I turned over, watching the tops of the trees sway with the wind. A squirrel ran across the telephone wire. It was the end of March and the cold air had just broken, giving way to spring, so I’d slept with my window open for the first time in months. I got up and searched for my jeans and my pink, fuzzy turtleneck, trying not to obsess about the fact that I had band today with Tyler.
Someone was shouting something. It was so far off I couldn’t make out the words right away, but it was the relentlessness of it, the repetition that drew me in. It was as steady and sure as a beating heart. Power
was the first word I heard with any certainty. The next was harder to make out but it sounded like Forages. Forages, power, forages, power
, on and on like that. The words repeated on
an endless loop, but when I stepped into the hallway they sounded farther away.
“The TV’s not on downstairs, is it?”
My dad was sitting on the bottom step now, his broad shoulders hunched forward as he laced up his work boots. The back of his jacket read FLYNN PEST CONTROL in block letters.
“No. Why?” He picked at a knot with his fingers.
I walked across the hall. Sara was sitting up in bed, a blood pressure cuff on her arm. Lydia, her nurse, had arrived early that day, and the room filled with the thwick thwick thwick
of the pump. She put on her glasses to read the gauge.
“Did you hear that?” I asked.
“What?” Sara’s black hair was messy at the crown, where it rubbed against the pillow. Lydia didn’t look up until she’d marked Sara’s blood pressure on her notepad and pulled the stethoscope out of each ear. We were all quiet for a moment, straining to hear past the machine by Sara’s bed, which hissed and sighed like a living, breathing thing.
“That bird? The chirping?” Lydia asked.
“No, it was different . . .” I went to the window and opened it, but the words were much harder to hear now, over everything else.
“My faculties must be going. The beginning of the end,” Lydia said, the hint of a smile at the corner of her mouth. “Forty is approaching . . .”
“Forty isn’t old.” I knew she was kidding, though.
She sorted Sara’s pills into piles on the nightstand. Lydia always had an easy way about her, breezing through even the most chaotic days in our house. She was my mom’s best friend, and she’d been a part of our family for as long as I could remember. When I was kid I’d lie awake, listening to faint laughter downstairs as they talked at the kitchen table. She was our live-in nanny when we were really little.
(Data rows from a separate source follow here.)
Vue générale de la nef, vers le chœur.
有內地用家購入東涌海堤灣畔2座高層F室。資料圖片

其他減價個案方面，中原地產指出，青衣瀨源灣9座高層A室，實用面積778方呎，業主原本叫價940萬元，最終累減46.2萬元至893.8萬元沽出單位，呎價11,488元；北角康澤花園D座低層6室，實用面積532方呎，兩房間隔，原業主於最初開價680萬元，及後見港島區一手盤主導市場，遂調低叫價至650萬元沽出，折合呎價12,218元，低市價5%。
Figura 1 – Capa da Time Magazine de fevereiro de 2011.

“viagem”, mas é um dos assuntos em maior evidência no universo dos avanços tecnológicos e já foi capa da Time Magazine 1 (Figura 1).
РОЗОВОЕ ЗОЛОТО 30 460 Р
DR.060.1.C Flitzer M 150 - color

When we got older Sara and I would spend hours with her after school, digging up bugs in her backyard while my parents were still at work. Lydia was two years into her nursing degree when Sara got sick, and she’d wanted to go into private nursing, so it made sense that she’d be the one to care for Sara as the disease progressed. She’d be there when we couldn’t.
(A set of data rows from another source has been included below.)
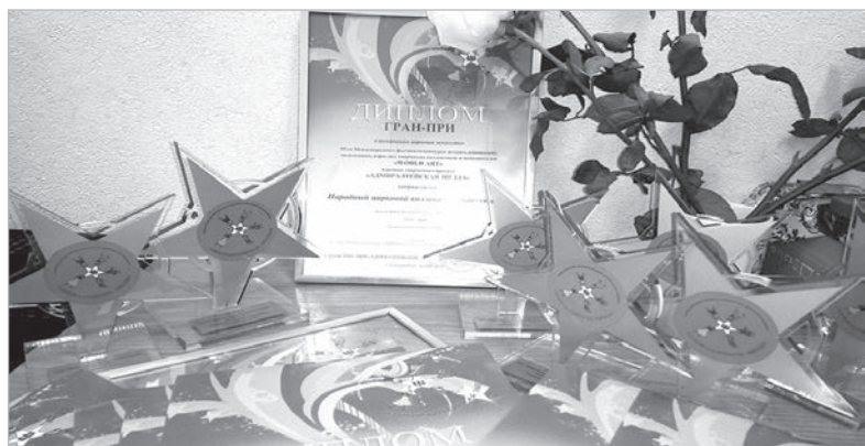
Народный цирковой коллектив «Кассиопея» Дворца культуры металлургов удостоен Гран-при конкурса «Адмиралтейская звезда».

Два коллектива Дворца культуры металлургов успешно выступили на престижных конкурсах. Поддержку им оказывает Надеждинский металлургический завод.
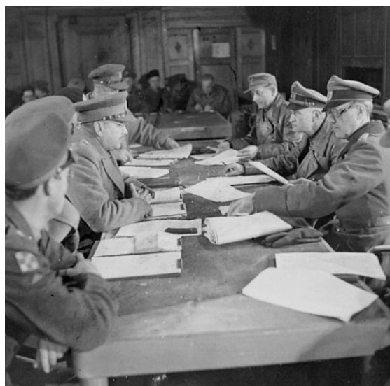
Bespreking van het capitulatiedocument in Wageningen

feestdag, waarop jaarlijks de bevrijding van het Nederlandse koninkrijk in 1945 van de Duitse en Japanse bezetting wordt herdacht en gevierd. In 1999 werd 15 augustus, de dag van de Japanse capitulatie in 1945, tevens een dag waarop uitgebreid gevlagd mag worden. De datum van 5 mei als nationale feestdag is ook vastgelegd in de Algemene Termijnenwet.
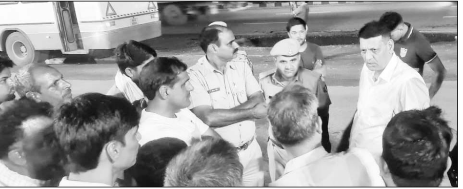
पुलिस ने मौके पर पहुंच मामले की जांच की।

पावटा, (नि.सं)। हरियाणा रोडवेज की बस में बैठे लोग तब सहम गए, जब अचानक उन पर दो गाड़ियों में सवार लोगों ने हवाई फायरिंग व पथराव शुरू कर दिया। दरअसल ओल्ड राव होटल के पास जयपुर से नारनौल जा रही हरियाणा रोडवेज की बस पर फाँचुनर व हेरियर गाड़ी में आए बदमाशों ने हवाई फायरिंग व पथराव कर दिया और मौके से फरार हो गए। फिलहाल भाबर, प्राणपुरा पुलिस मामले की जांच कर रही है कि आखिर बस पर हवाई फायरिंग व पथराव क्यों किया गया था। घटना गुरुवार रात करीब
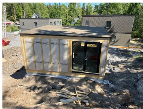
Foton från sökanden att byggnaden är under uppförande, inkom den 15 juni 2023.
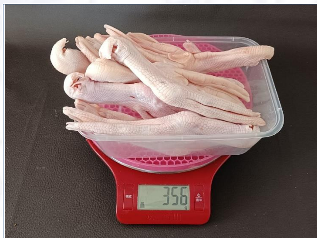
①9个解冻鸭掌356克， 平均39.5克/个
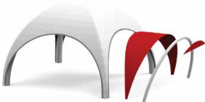
Daszek i przyłbica
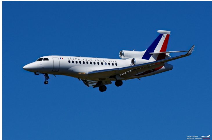
L'Airbus présidentiel et un falcon 7X de la république française de passage à BOD. L'escadron de transport ET 60 est basé sur la ba 107 de Villacoublay et assure le transport des autorités de l'état.
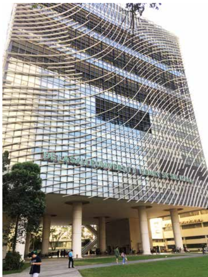
デ・ラ・サール大学校舎

奨学金がつくか付くか付かないかは、年度開始までわかりません。奨学金が付いた場合、受給資格者は日本人または永住資格者となります。授業料は大阪大学に払うこととなりますが、デ・ラ・サール大学では授業料以外にビザ切替等に経費が発生します。また、渡航費、海外旅行保険が必要となります。
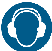
聴覚保護具を着用すること
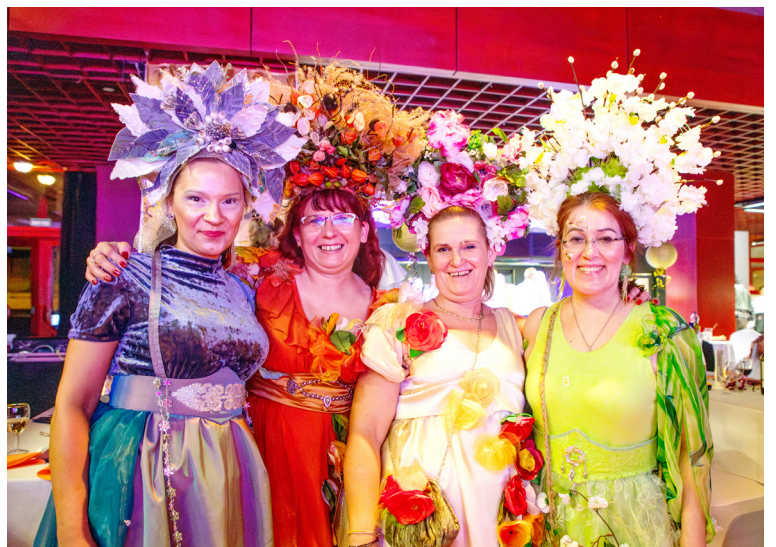
Štyri ročné obdobia – víťazná kolektívna maska.

Už dvadsiaty druhý rok sa masky zvieratiek, historických osobností či najrôznejších postaviek začiatkom februára stretávajú na tradičnom Petržalskom maškarnom plesu. Všetci sa zhodujú na jednom – tunajšia uvoľnená, neformálna atmosféra je ako žiadna iná. A tak sa na tanečnom parkete opäť bok po boku vykrúcali piráti s kovbojmi i jednorozcami za rytmov kapely Neon Fever a neskôr Dj-a Lomba.
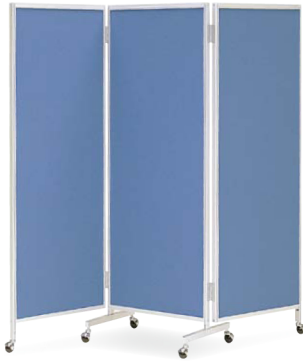
櫛-66C (ブルー) JAN 068533
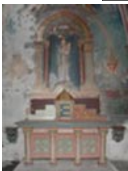
La Chapelle de Ségur
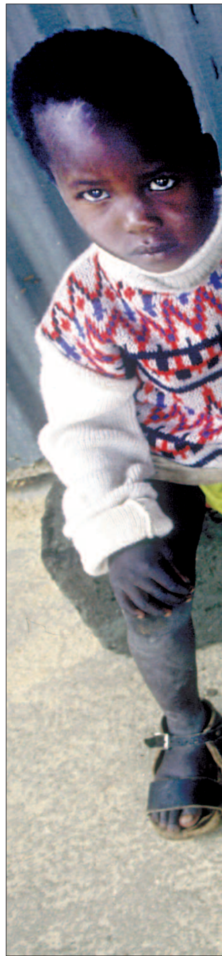
Støtten til ulike helsetiltak i Tanzania er bygget

– For å få en riktig fordeling av de ulike givene på de ulike sektorene, må givene vise stor grad av fleksibilitet, og være villig til å innrette seg etter mottakerens ønsker og behov. Men det er motstand blant givene mot å ta tak i slike problemstillinger. Man velger å følge prioriteringene i sitt eget land heller enn
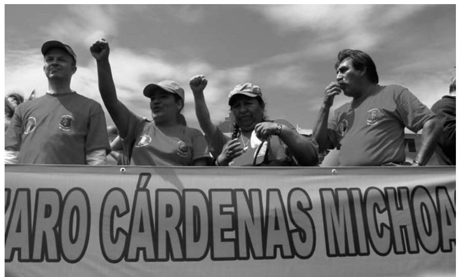
EN LOS FESTEJOS DEL 75 ANIVERSARIO DE LA FUNDACIÓN DEL SINDICATO MINERO, EL ÍMPETU Y LA FUERZA FEMENIL TAMBIÉN ESTUVIERON PRESENTES.

El numeroso contingente nacional e internacional minero en todo momento se vio arropado por la calidez de los habitantes del Puerto de Lázaro Cárdenas. 🍷

“What did it sound like?” Sara asked.
Before I could answer a leaf blower started up outside, drowning out my thoughts. Then my dad appeared in the doorway.
“You’re not even dressed yet? Jess, come on.”
“I know, I know,” I said on my way back across the hall. I pulled on the fuzzy turtleneck and paused, trying to hear the strange chanting again, but the leaf blower was still blasting, and the house was noisier now that everyone was starting their day. My mom must’ve turned on the radio in the kitchen. “Waterfalls” by TLC floated up the stairs, the lyrics muffled by my bedroom door.
I went through the motions of getting ready, on autopilot as I stepped into my jeans and brushed my hair. I was still standing at the window when Kristen pulled up and honked the horn.